The channel has also completed a deal to show the inaugural Sri Lanka Premier League tournament in August 2012.

=== Football ===

==== Premier League ====
The company announced on 22 June 2009 that it had secured the UK broadcast rights to the Premier League for four seasons, airing 46 games in the 2009–10 season and 23 games a year for the following three seasons, following a missed payment by Setanta Sports which voided their contracts. In Ireland, ESPN will air the same 46 matches during the 2009–10 season.

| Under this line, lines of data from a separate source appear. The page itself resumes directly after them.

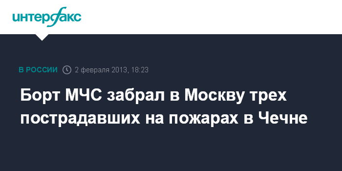 Москва. 2 февраля. INTERFAX.RU - Самолет МЧС России с тремя пострадавшими на пожарах в Чечне вылетел в Москву, сообщили в субботу "Интерфаксу" в управлении информации МЧС РФ.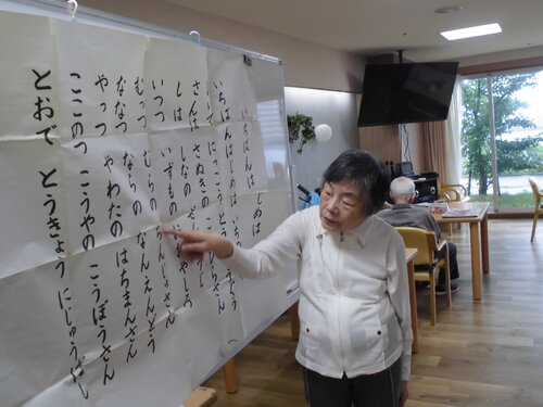 実施場所もお部屋であったり、食堂、施設駐車場と色んな場所を利用しながら皆さんにイキイキと取り組んでいただいています。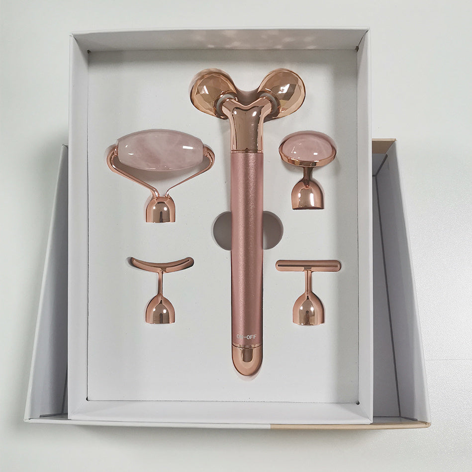 Instruction manual x1, pink flannel bag x1, color box x1, EV jade roller head x1, jade disc head x1, U-shaped beauty head x1, T-shaped beauty head x1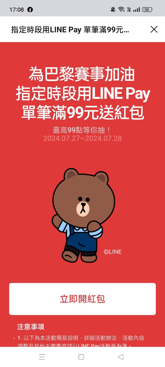 推 Anadyomene: 昨天消費沒有拿到紅包或許是已經額滿 36.224.101.226 07/28 13:10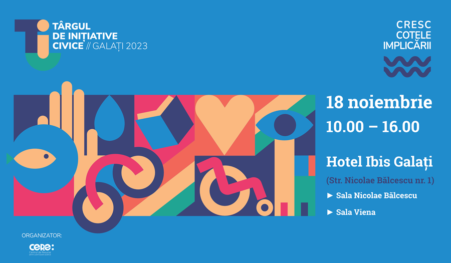 CeRe: Centrul de Resurse pentru participare publică organizează pe 18 noiembrie 2023, “Târgul de inițiative civice” de la Galați. Evenimentul va avea loc la Hotelul Ibis, între orele 10.00 – 16.00, în sălile “Nicolae Bălcescu” și “Viena”, iar intrarea va fi liberă.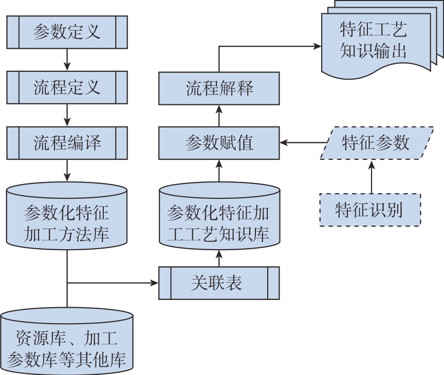 构建一个参数化工艺设计平台来使用工艺知识库中的加工方法推理逻辑流程,通过采用参数过程图技术实现特征工艺知识的表达、定义、解释和输出。定义参数过程图是工艺知识表达和应用的核心模块,其核心功能主要包括参数定义、流程定义、流程解释等功能,如图6 所示。
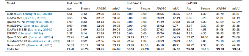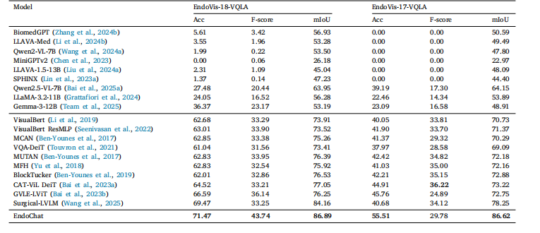 4.1 实现细节 我们与多个多模态大型语言模型(MLLM)开展对比实验,包括BiomedGPT(Zhang 等,2024b)、LLAVA-Med(Li 等,2024b)、Qwen2.5-VL-7B(Bai 等,2025a)、LLaMA-3.2-11B(Grattafiori 等,2024)、Gemma-3-12B(Team 等,2025)、Qwen2-VL-7B(Wang 等,2024a)、GLM-4V-9B(GLM 等,2024)、MiniGPTv2(Chen 等,2023)、LLAVA-1.5-13B(Liu 等,2024a)以及SPHINX(Lin 等,2023a)。这些基准模型涵盖了当前开源领域内与我们的EndoChat参数规模相当的通用型最优模型。此外,我们还将所提方法与一系列专用模型进行基准测试对比,即VisualBert(Li 等,2019)、VisualBert ResMLP(Seenivasan 等,2022)、MCAN(Ben-Younes 等,2017)、VQA-DeiT(Touvron 等,2021)、MUTAN(Ben-Younes 等,2017)、MFH(Yu 等,2018)、BlockTucker(Ben-Younes 等,2019)、CAT-ViL DeiT(Bai 等,2023a)、GVLE-LViT(Bai 等,2023b)以及Surgical-LVLM(Wang 等,2025)。结果中的所有评估指标均以百分比形式呈现,CIDEr指标除外。 在训练大型语言模型(LLM)与混合视觉令牌引擎(Mixed Visual Token Engine)时,我们采用1024×1024的输入分辨率。训练在Surg-396K数据集上进行,仅训练一个轮次(epoch),使用4块NVIDIA A800 GPU。优化器采用AdamW(Loshchilov 和 Hutter,2019),初始学习率设为2e-5,学习率调度策略采用余弦衰减(cosine decay),并包含线性预热阶段(linear warm-up)。训练过程中批次大小(batch size)设为16,训练时长约20小时。 我们开展了四类多模态大型语言模型对比实验:零样本对比(表3-表7)、微调对比(表8)、泛化能力对比(表9)以及消融实验(表10)。除多模态大型语言模型对比外,在表4和表5中,我们还引入了专用模型(如VisualBERT、MCAN),这些模型在测试前均在对比数据集的训练集上完成训练。在泛化能力对比实验中,所有多模态大型语言模型均先在Surg-396K数据集上训练,随后在分布外数据集PSI-AVA-VQA(Seenivasan 等,2023)与EndoVis-17-VQLA-Extend(Bai 等,2025b)上进行评估。 在Surg-396K数据集上进行训练与评估时,其包含的三个子数据集均遵循各自源数据集(Bai 等,2023b;Wang 等,2024c;Seenivasan 等,2022)的数据划分方案。最终,Surg-396K数据集包含34277张训练图像(含339098组问答对)与7097张测试图像(含57494组问答对)。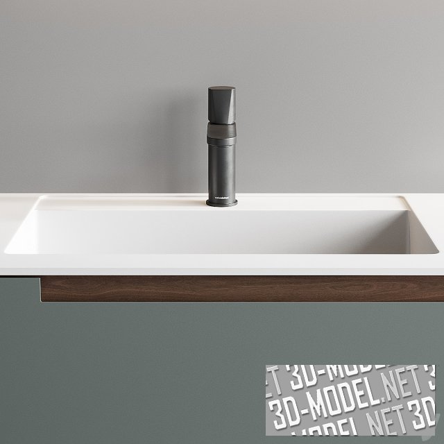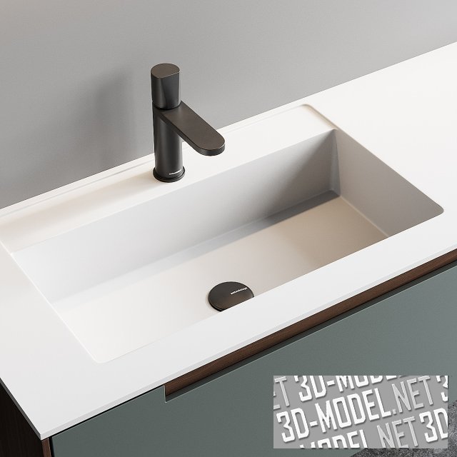 Современная мебель для интерьера ванной комнаты из коллекции Orma от производителя antoniolupi. В наборе настенная тумба прямоугольной формы, дизайн разработал Nevio Tellatin (размеры тумбы: ширина 1374 м, глубина 470 мм, высота 375 мм), со встроенным умывальником Flumood от Mario Ferrarini. Размеры умывальника: ширина 1374 м, глубина 470 мм, высота 150 мм. Матовый смеситель из коллекции Indigo Type от Nevio Tellatin и большое прямоугольное зеркало (1350 х 25 х 750 мм) идеально дополняют сет.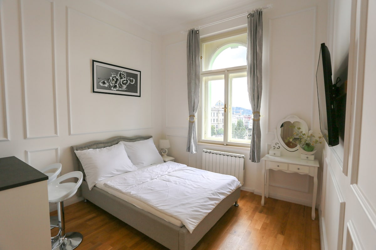 Appartement confortable 30 m2 ★ Terrasse ★ Climatisation Centre ★ Ville ★ Facilement Accessible ★ Rénové ★ Grande Lokation ★ Situé dans une cour calme située dans le bâtiment historique de la Neo- Style Renaissance. ★ L'emplacement se situe à 5 minutes de la place Venceslas et du musée national. ★ Lit double à sommier confortable avec matelas de qualité ★ Cuisine équipée Machine à café★ Nespresso ★ Salle de bain avec serviettes, gel douche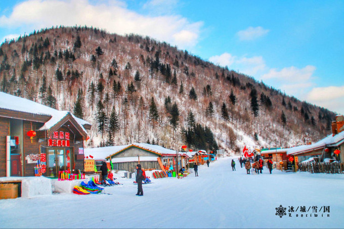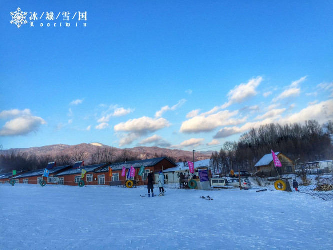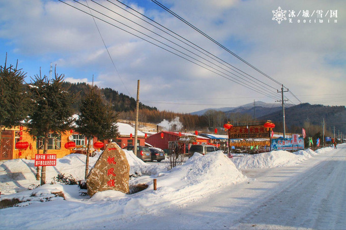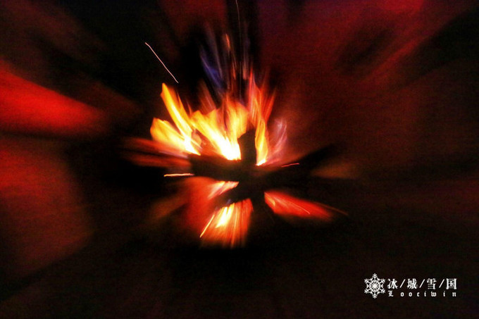 这里的雪更深更厚,因为人少,所以积雪厚也不会清理,你可以随意躺在雪地里打滚,在积雪留下自己的脚印。如果你想打雪仗,这里的雪足够你玩得开心,你追着阳光跑一头栽在了雪堆里。一开始以为雪谷没什么娱乐项目,后来客栈的老板娘把我们领到附近一个小型度假村。娱乐项目有几种,滑雪,冰爬犁,滑雪圈。80块钱可以任你玩,没有时间限制。没有去亚布力滑雪场让我心中有点失落,但是听到这里可以滑雪我早已迫不及待。虽然这里的滑雪场不大,但是对于一个初学者来说很适合,人也不多。为什么我说雪谷的乡村气氛更好呢,因为这里有篝火晚会,每个来到雪谷里的人都会被这里热闹的气氛感染。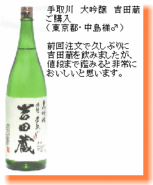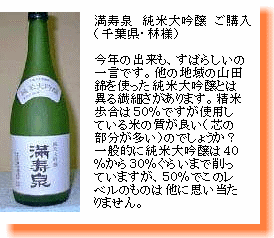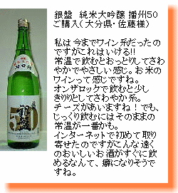 日本酒の芸術作品。 吟醸蔵の雄。この蔵が醸す吟醸酒系の気高さは、日本酒の芸術と呼びたくなる素晴らしさ。 |

Premier League coverage was produced by Sky Sports in-house production team, with former BBC presenter Ray Stubbs hosting, while Rebecca Lowe reports from the touchline and Jon Champion and either Chris Waddle or Craig Burley calling the game. Kevin Keegan is the lead analyst, while Guus Hiddink, Shaka Hislop, Frank Leboeuf, Danny Murphy, Peter Reid, Matt Holland, and Ian Wright were also signed to provide analysis. Mark Chapman, Nat Coombs and Kelly Cates also form a part of the line up. IMG Sports Media make the studio shows and ancillary programming. The first Premier League match to be shown on ESPN was Everton's 6–1 loss against Arsenal.

From the 2010–11 season Sky no longer produced coverage of matches, instead coverage was taken over by IMG Sports Media, in an effort to offer "quality and innovation" and introduce new technology from the broadcaster's US parent to help develop post-match analysis. The change also affected FA Cup and Scottish Premier League coverage. ESPN have also increased the number of cameras at games from an average of 16 cameras to 23. After ESPN lost the rights to the Premier League to BT Sport, ESPN Inc. sold the channel to BT Sport.

==== FA Cup ====
On 7 December 2009, it was reported that ESPN had secured the rights to 25 live and exclusive FA Cup matches per season from the 2010–11 season under a four-season deal. ESPN televised two matches in the FA Cup First and Second Rounds (plus up to two replays per round), three matches from the Third to Fifth Rounds (plus up to one replay), two quarter-finals (plus up to one replay), one semi-final, and aired the FA Cup Final alongside ITV (which held the first pick of matches).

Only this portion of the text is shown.